Volume 103, Number 5
Page 362

DOI: 10.1511/2015.116.362

TOUCH: The Science of Hand, Heart, and Mind. David J. Linden. x + 262 pp. Viking, 2015. $28.95.

Considering how much depends on the sense of touch, it seems surprising that more scientists haven’t taken up the subject in books for general audiences. Although some recent books have visited the science of touch within the context of broader cultural explorations (for example, Matthew Fulkerson’s The First Sense: A Philosophical Study of Human Touch , published in 2013, and Constance Classen’s 2012 text The Deepest Sense: A Cultural History of Touch ), neuroscientist David J. Linden’s book Touch stands apart. Linden elevates the conversation about touch, providing an unusually detailed and original perspective.
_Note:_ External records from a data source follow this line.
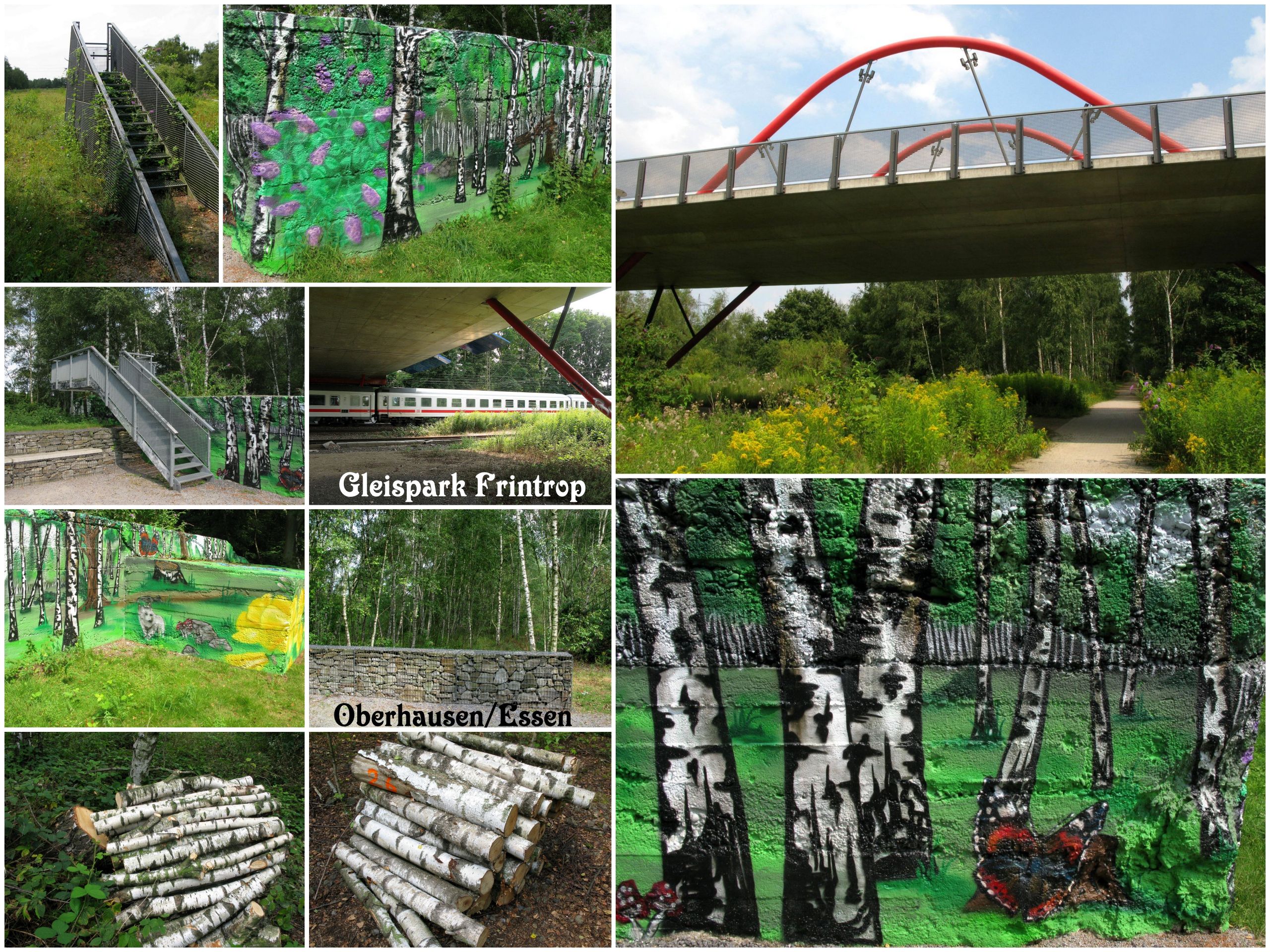 So war ich letzte Woche also mal wieder in Oberhausen, habe einen Abstecher zur Zeche Sterkrade gemacht, an der ich noch nie war und habe mich (nochmal) im Gleispark Frintrop (Nähe Haus Ripshorst) umgesehen. Kinners ich sachet euch, da findet ihr Aussichtsplateaus, da weiß auch nur der Erbauer, was man da sehen soll. Bei ein Plateau gibbet nix zu sehen außer Wiese, das zweite geht immerhin zwischen die Bäume innen Wald um ausnahmsweise da mal nix zu sehen und dat dritte, dat ist richtig interessant, denn unten isset bunt bemalt und man kann vor ein paar Bäume gucken. Zwischendrin gibbet dann noch mal hier und da ne Mauer im Wald, auf die du noch nichtmal’n Bier oder so abstellen kannst und in den Wald drin, da liegen jede Menge nummerierte Birkenstämme, also kleine Stücke davon. Ich nehme mal an, dat se hier noch am Bauen dabei sind, so eine Art Birke von Ikea. Also der Gleispark ist schon Klasse. Gleise? Ja die gibbet auch, aber da rauschen einem die Güter- und Regionalzüge über die Füße, da sollteste mal schnell von weg bleiben.
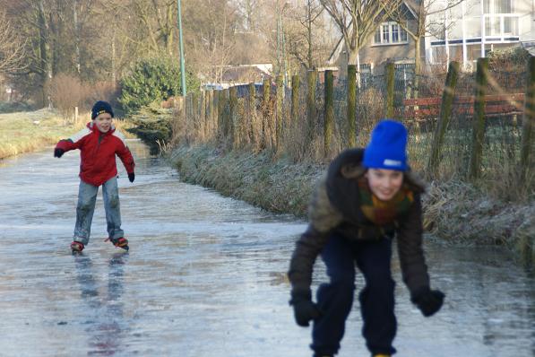 Lekker schaatsen op de sloten langs de M.A. Reinaldaweg.
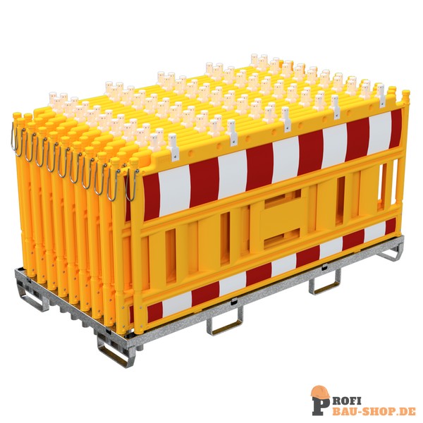 Technische Daten SET mit 20 Absperrschrankengitter auf Lager- und Transporttraverse, mit Lampenadapter, mit rot/weißer Folie, Typ RA1/A, Schrankentyp NOX gelb
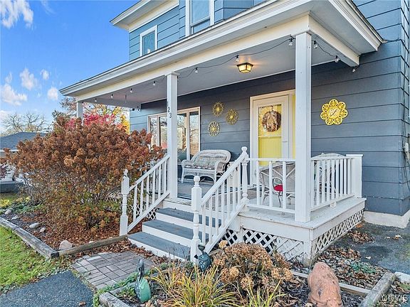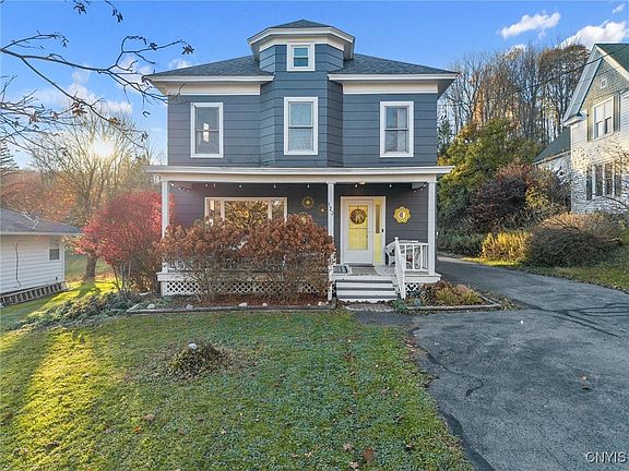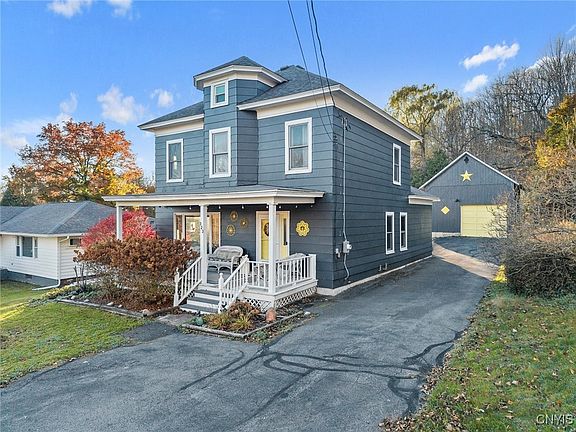Located just 15 minutes from Colgate University, this Oriskany Falls home will stop you in your tracks with its incredible curb appeal.  Inside you will find beautiful original woodwork, tall ceilings and character filled details throughout.  The spacious living room with beautiful large windows and cozy den are separated by a gorgeous pocket door, perfect for creating both open flow or intimate spaces.  Relax on either the open front porch or covered rear patio overlooking the partially fenced yard.  A two-story carriage barn offers excellent storage, workshop space, or the potential for creative repurposing. Major updates including a new roof, new boiler and new hot water heater.
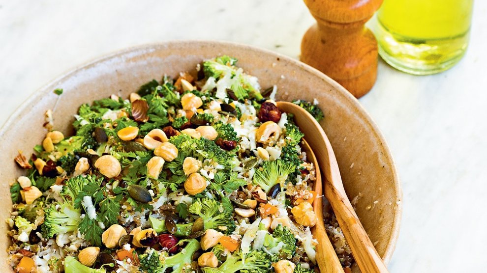 Votre marché pour 4 personnes : 1 chou-fleur ; un demi brocoli ; 2 carottes ; 100 g de quinoa ; 30 g de noisettes ; 20 g de graines de courge ; 2 pincées de cerfeuil haché ; 10 cl d’huile de colza ; sel et poivre. On y va : laver, éplucher et couper les carottes en brunoise. Les faire cuire dans...

He visits all the major tactile sensations in turn—pressure and object perception, proprioception, caress, sexual pleasure, temperature sensation, pain, itch, tickling, and touch illusions—unpacking what we know about how these messages are carried from source to brain. As researchers’ knowledge about the human senses is advancing at an unprecedented rate, Linden serves as a lucid, witty guide who avoids oversimplifying the facts while exploring what is known about our tactile sensations as well as the mysteries that remain.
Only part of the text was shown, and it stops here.